What GPU do I need to run Nemotron 3 Super?

For NVFP4 or GGUF Q4_K_M quantization, a single H100 (80 GB) handles the 12B active parameter load. Full BF16 precision requires 8x H100 (recommended) or 4x H100 as the absolute minimum floor for short-context evaluation. The B200 (192 GB HBM3e) is suited for NVFP4 or FP8, not BF16, since 120B BF16 requires 240 GB. The B200 spot price on Spheron is $1.67/GPU/hr.

Does vLLM support Nemotron 3 Super's hybrid Mamba-Transformer architecture?

Yes. vLLM 0.17.1+ includes Mamba kernel support for Nemotron 3 Super. You need to pass --model nvidia/NVIDIA-Nemotron-3-Super-120B-A12B-BF16 (or the NVFP4/FP8 variant) with --trust-remote-code and set tensor-parallel-size to match your GPU count. The hybrid SSM layers use different memory access patterns than pure attention, so chunked prefill should be disabled initially.

How much does it cost to run Nemotron 3 Super on Spheron?

At quantized NVFP4 precision on a single H100 PCIe ($2.01/hr on Spheron), a full month of continuous inference costs roughly $1,450. Multi-GPU BF16 on 4x H100 runs about $5,800/month. B200 spot at $1.67/hr gives the best price-to-performance for full-precision serving.

What is the Mamba-Transformer hybrid architecture and why does it matter for inference?

Nemotron 3 Super mixes SSM (Mamba) layers with standard transformer attention layers in the same stack. SSM layers process sequences with O(sequence length) memory instead of O(sequence length^2), which means long-context inference costs far less VRAM than a pure transformer of similar capability. The trade-off is that SSM layers have sequential state that cannot be parallelized the same way as attention, so prefill batching behaves differently.

How does Nemotron 3 Super compare to DeepSeek for coding tasks?

On SWE-Bench Verified, Nemotron 3 Super scores 60.47%. The hybrid MoE architecture keeps only 12B parameters active per token, which gives competitive throughput vs dense models. For pure coding tasks with long context windows (file-level edits, multi-file PRs), Nemotron 3 Super's SSM layers reduce KV cache pressure substantially.

Self-Host Nemotron 3 Super on GPU Cloud: Deployment Guide (2026)
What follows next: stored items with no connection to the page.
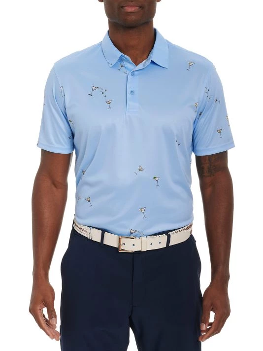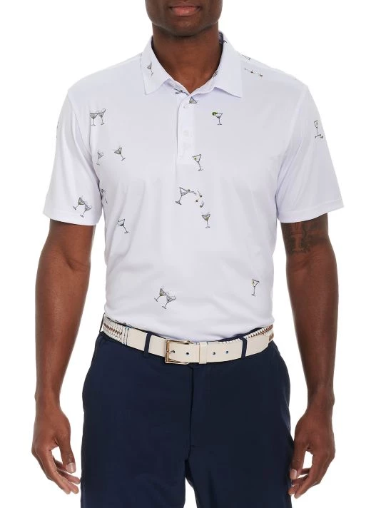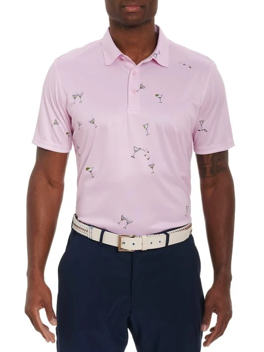 This Gibson knit polo from Robert Graham features a martini-glass print.
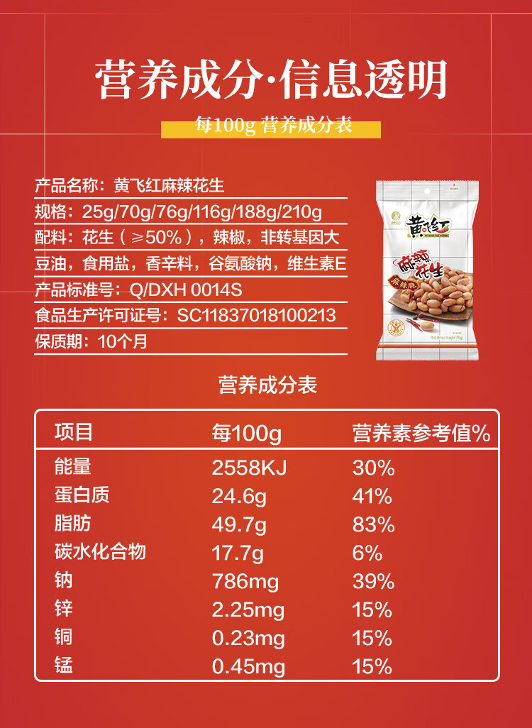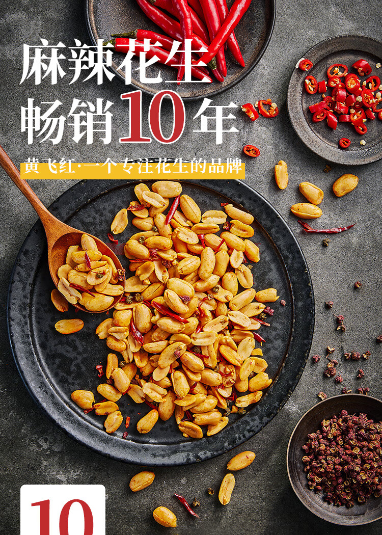 黄飞红 麻辣花生210g*2袋 每日坚果炒货休闲网红零食小吃下酒菜花生米
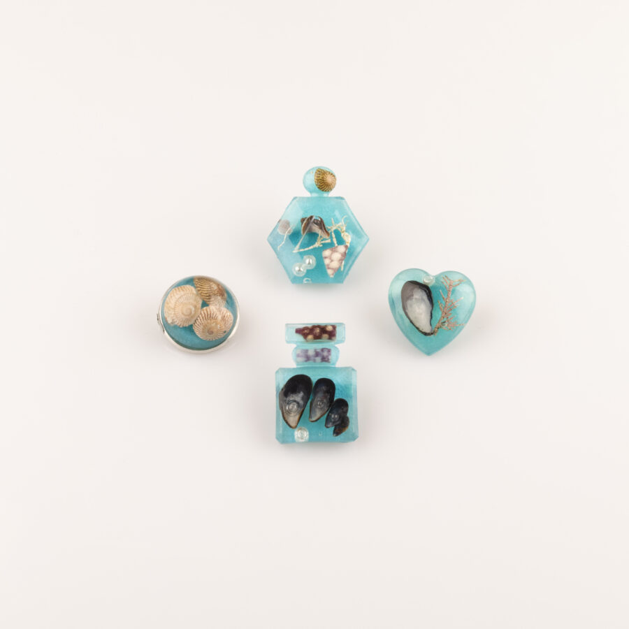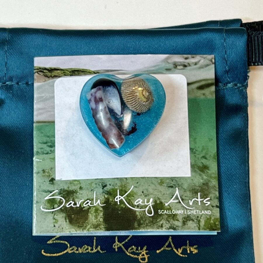 These sea blue beach brooches are made from the tiny shells, seaweed and other treasures Sarah finds on the beaches on Shetland. Each brooch is slightly different and original. The brooches are made with mica powders to colour the background which shimmer in the light.

Nemotron 3 Super hit 60.47% on SWE-Bench Verified when NVIDIA released it on March 11, 2026, ahead of GTC (March 16-19, 2026). The number that makes it interesting for production deployment is 12B: that's the active parameter count per forward pass, despite a 120B total parameter count. This guide covers the GPU math, vLLM configuration, and cost breakdown for running it yourself on cloud infrastructure.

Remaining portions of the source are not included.